__Data excerpt__
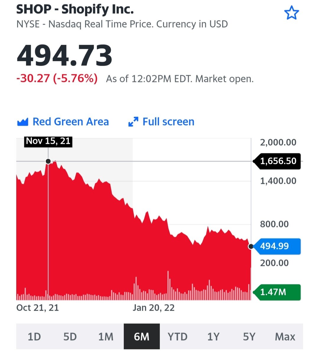 herbert_21 April 27, 2022 · bearbeitet April 27, 2022 von herbert_21 Shopify ist ein großartiges Unternehmen mit einem großartigen Businessplan und CEO. Was die Aktie betrifft, so eignete sie sich 2022 jedenfalls nicht für Buy and Hold: Disclaimer: ich habe kein Shopify und es würde in meinem Depot, höflich ausgedrückt, nicht positiv zur Diversifikation beitragen. Diesen Beitrag teilen Link zum Beitrag
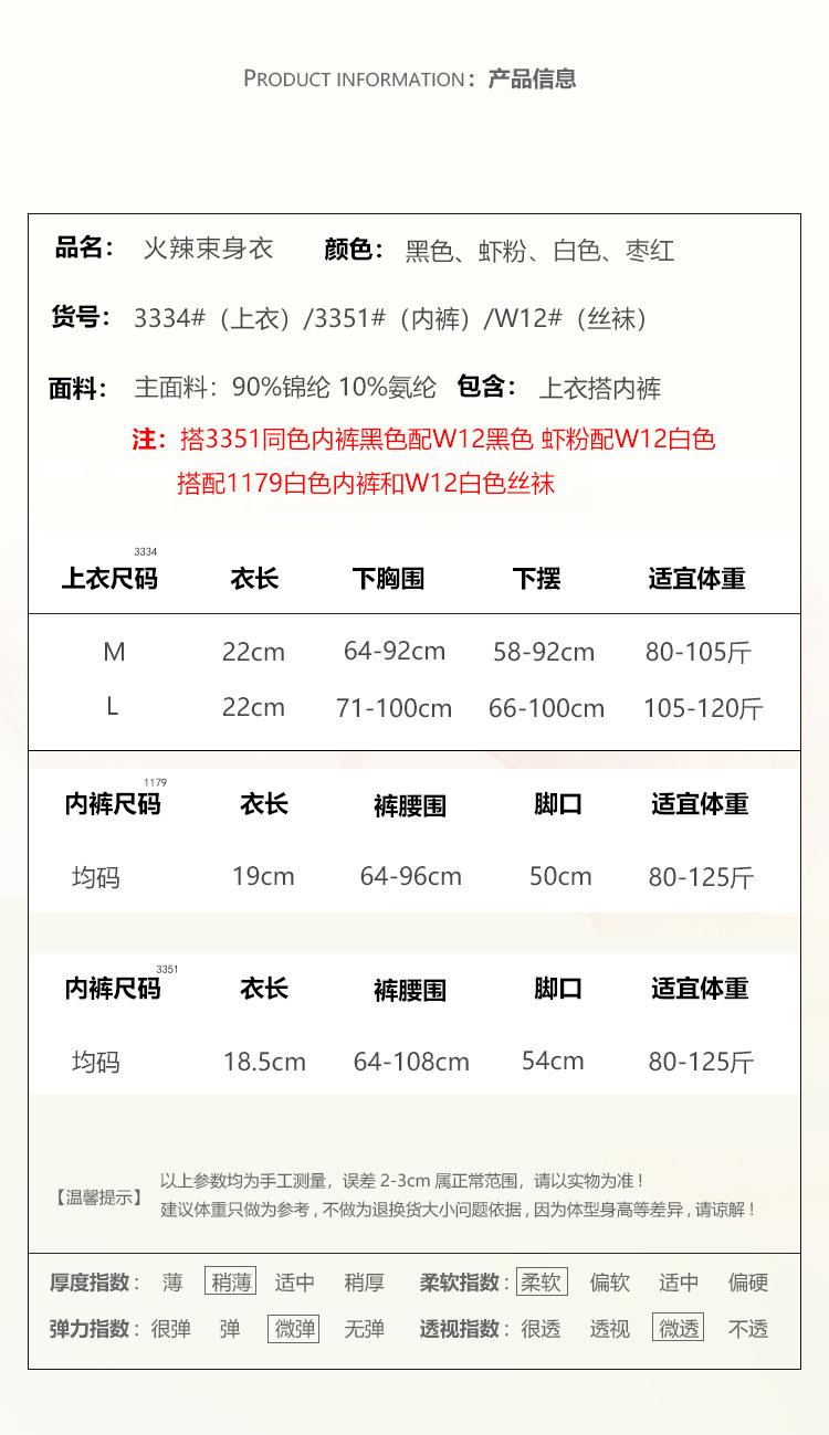 3334 Black (Top), 3351 black (panties), 3334 shrimp powder (top), 3351 shrimp powder (panties), 3334 white (to...
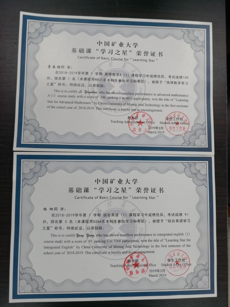 优良学风班”荣誉称号,李英顺等22名学生荣获《高等数学》“基础课学习之星”荣誉称号;贺筱康获《大学物理》“基础课学习之星”荣誉称号;杨阳等3名学生荣获《综合英语》“基础课学习之星”荣誉称号。
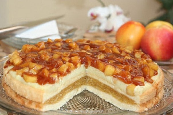 Оставшийся сок размешайте с бесцветным желатином и снова поставьте на маленький огонь. Глазурь должна вскипеть. После того как она немного остынет, до того как она полностью не загустела и ею было бы невозможно смазать верхний слой яблок, с помощью ложки начиная с середины торта к краям растяните желе. Это надо делать аккуратно, чтобы яблочное желе не стекало по краям. Поставьте готовый десерт в холодильник на 2 часа, чтобы он пропитался. По истечению этого времени торт можно подавать к столу.

__What is being asked__
Reproduce the entire listing exactly, but omit any pictures.

__Reply__
 herbert_21 April 27, 2022 · bearbeitet April 27, 2022 von herbert_21 Shopify ist ein großartiges Unternehmen mit einem großartigen Businessplan und CEO. Was die Aktie betrifft, so eignete sie sich 2022 jedenfalls nicht für Buy and Hold: Disclaimer: ich habe kein Shopify und es würde in meinem Depot, höflich ausgedrückt, nicht positiv zur Diversifikation beitragen. Diesen Beitrag teilen Link zum Beitrag
 3334 Black (Top), 3351 black (panties), 3334 shrimp powder (top), 3351 shrimp powder (panties), 3334 white (to...
 优良学风班”荣誉称号,李英顺等22名学生荣获《高等数学》“基础课学习之星”荣誉称号;贺筱康获《大学物理》“基础课学习之星”荣誉称号;杨阳等3名学生荣获《综合英语》“基础课学习之星”荣誉称号。
 Оставшийся сок размешайте с бесцветным желатином и снова поставьте на маленький огонь. Глазурь должна вскипеть. После того как она немного остынет, до того как она полностью не загустела и ею было бы невозможно смазать верхний слой яблок, с помощью ложки начиная с середины торта к краям растяните желе. Это надо делать аккуратно, чтобы яблочное желе не стекало по краям. Поставьте готовый десерт в холодильник на 2 часа, чтобы он пропитался. По истечению этого времени торт можно подавать к столу.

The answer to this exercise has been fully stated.